(AVAILABLE DATA begins)

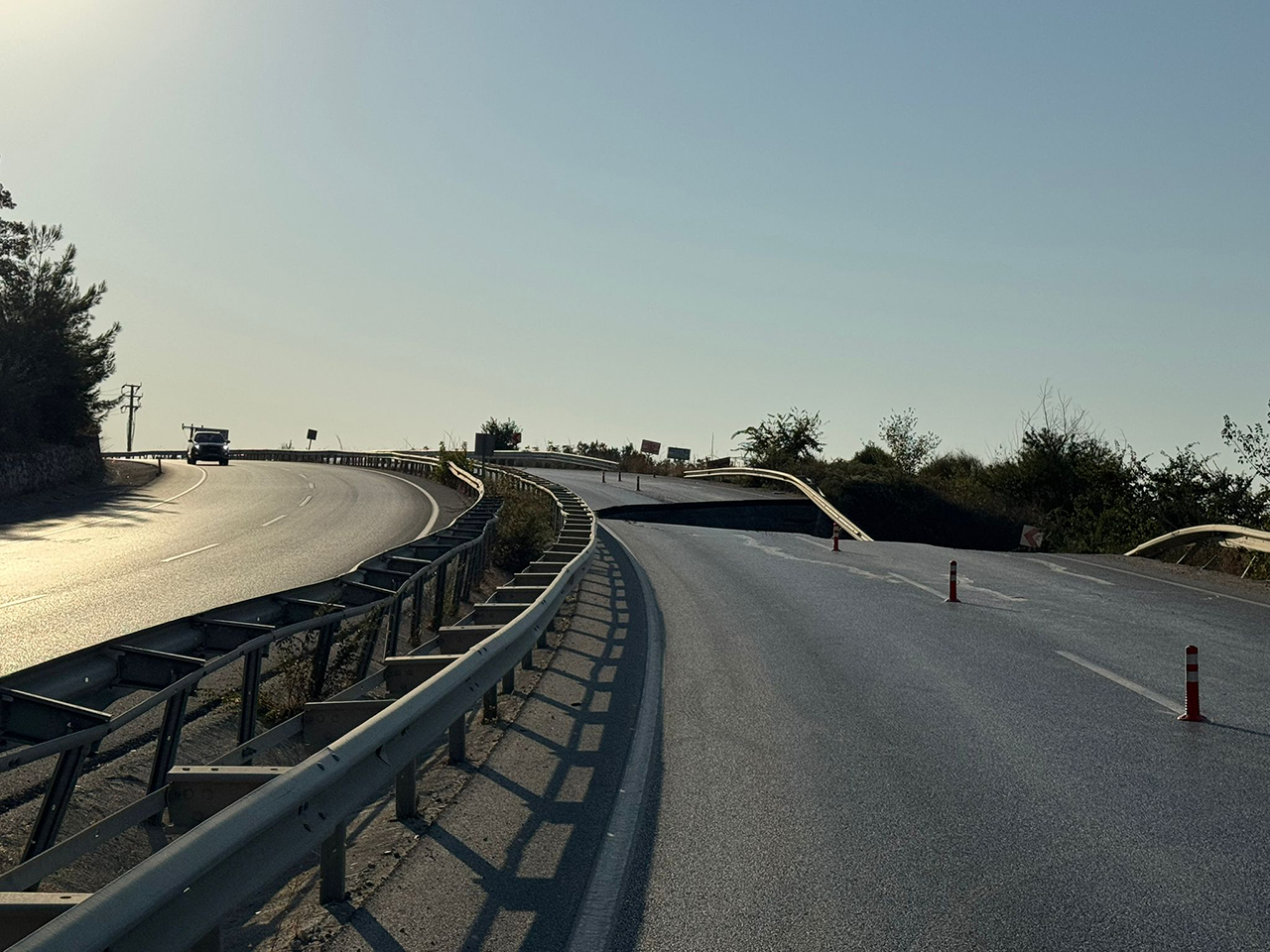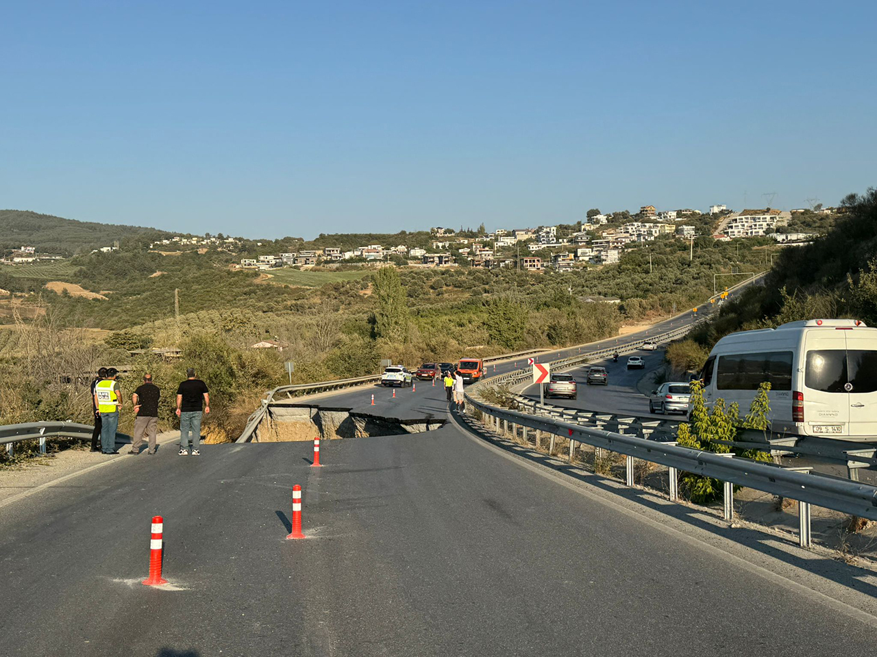Kuşadası-Söke kara yolunda meydana gelen çökme sonucu Kuşadası'na gidiş yönü trafiğe kapatıldı.
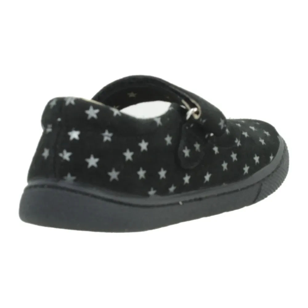 Vulladi Merceditas Schuhe kombinieren eine leichte, flexible Konstruktion mit einem markanten weißen Sternenmuster auf schwarzem Obermaterial, ideal für den täglichen Gebrauch. Modellbezeichnung: „Merceditas“ (Designercode 6191 259). Hauptmerkmale: Schwarz | Leichte Konstruktion | Flexible Sohle/Obermaterial für natürliche Bewegung | Bequem für den täglichen Gebrauch | Verstellbarer Klettverschluss für einfaches An- und Ausziehen | Einfaches An- und Ausziehen | Weißer Sternenprint auf schwarzem Obermaterial | Verspieltes, modernes Detail
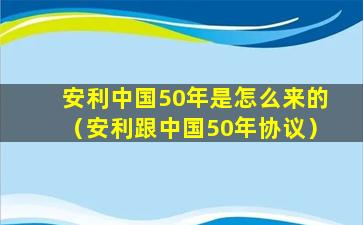 关于“安利跟中国50年协议”的具体内容,目前没有官方的详细信息公布。安利(Amway)是一家全球知名的直销公司,自1995年进入中国市场以来,一直遵循中国的法律法规,积极开展业务。中国政府一贯鼓励和支持外商投资,为所有在华企业提供了公平、公正、非歧视的市场环境。我们相信,任何在中国合法经营的企业都会得到中国政府的尊重和保护。同时,我们也期待所有企业能够遵守中国的法律法规,共同促进健康、有序的市场环境。
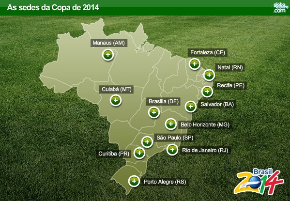 Segundo Blatter, a intenção da Fifa era ter apenas dez cidades como sedes. Porém, a pedido do presidente da CBF, Ricardo Teixeira, o número subiu para 12. As escolhidas foram: Belo Horizonte, Brasília, Cuiabá, Curitiba, Fortaleza, Manaus, Natal, Porto Alegre, Recife, Rio de janeiro, Salvador e São Paulo.
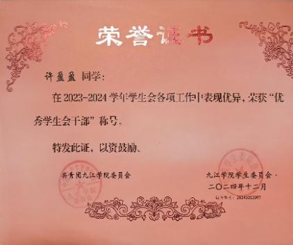 自踏入大学校园,许盈盈便以高标准锚定成长方向。作为班级学习委员、曾任材料学院学习部负责人的她,始终秉持认真负责的态度,高效完成老师交办的各项任务,积极搭建师生沟通的桥梁,用行动力赢得师生一致认可,先后斩获两次“优秀学生干部”、一次“优秀学生会干部” 荣誉称号。
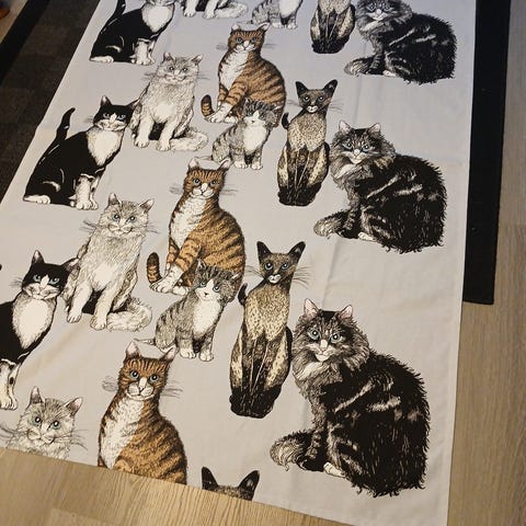 Vallilan kiva kissakuosi. Täyskokoinen sivuverho.
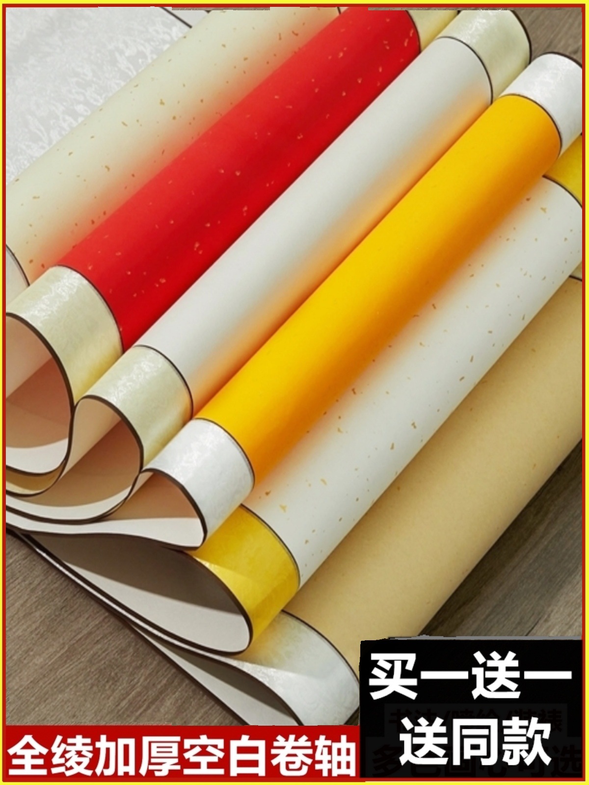 青石画軸空白巻物掛け画全綾精表装半生熟宣紙生宣全綾精表装書道国画紙
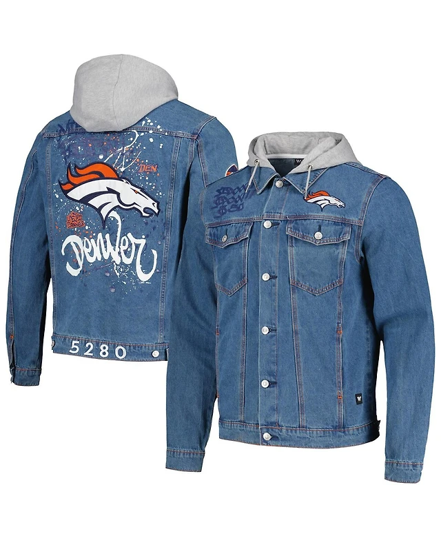 Men's The Wild Collective Denim Denver Broncos Hooded Full-Button Denim Jacket
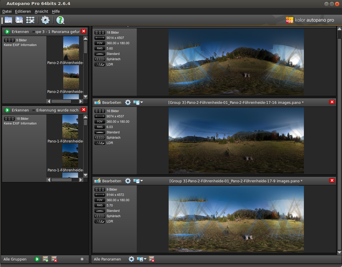 Interessanter Weise wurden einige Panoramen aus den in die RAWs
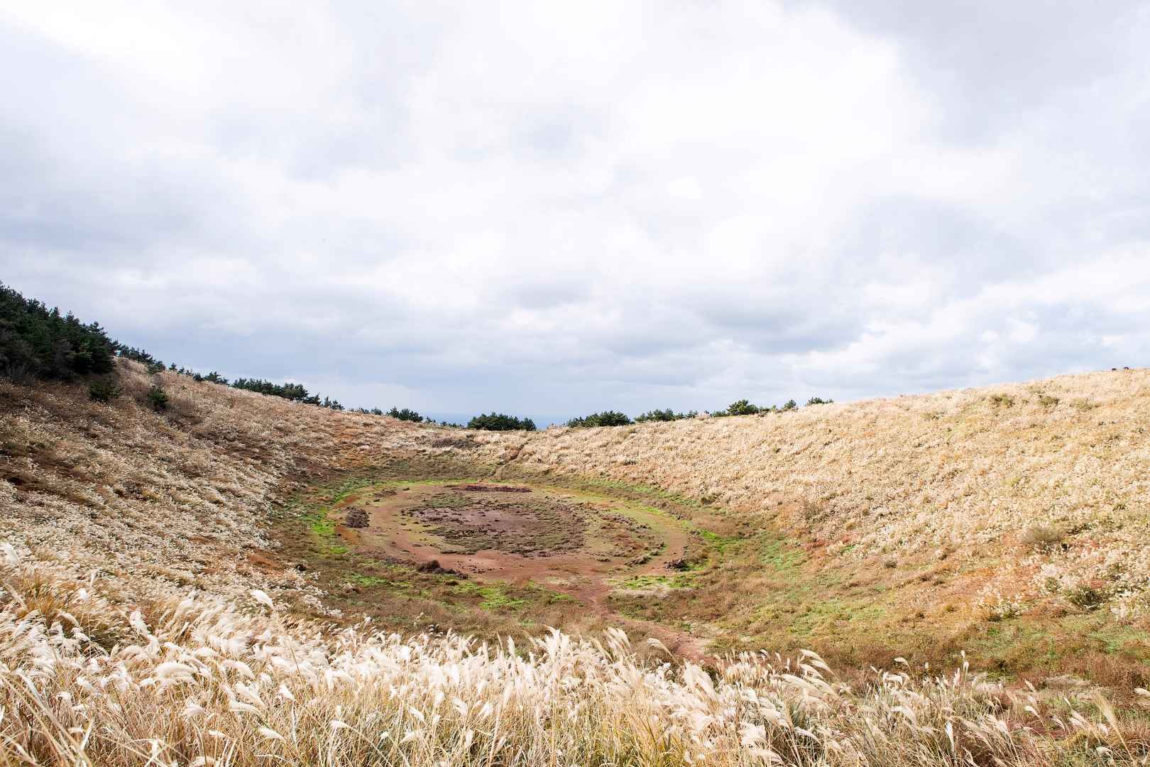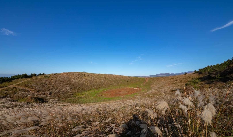 마른 분화구 안까지 직접 걸어 들어갈 수 있다는 점이 금오름만의 매력이에요!
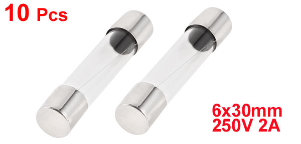 Product Name Glass Tube Fuses Fuction Fast Blow Rated Voltage 250V Rated Current 2A Specification 6 x 30mm Diameter 6mm / 0.24" Length 30mm / 1.2" Material Glass, Metal Color Clear, Silver Tone Weight 11g Package 10 x Glass Tube Fuses - Reviews

(AVAILABLE DATA ends)

Each line from the one holding "Interessanter Weise wurden" to the end of the records above must be copied exactly; the pictures must not be copied.

■ RESPONSE FOR THIS EXERCISE
 Interessanter Weise wurden einige Panoramen aus den in die RAWs
 마른 분화구 안까지 직접 걸어 들어갈 수 있다는 점이 금오름만의 매력이에요!
 Product Name Glass Tube Fuses Fuction Fast Blow Rated Voltage 250V Rated Current 2A Specification 6 x 30mm Diameter 6mm / 0.24" Length 30mm / 1.2" Material Glass, Metal Color Clear, Silver Tone Weight 11g Package 10 x Glass Tube Fuses - Reviews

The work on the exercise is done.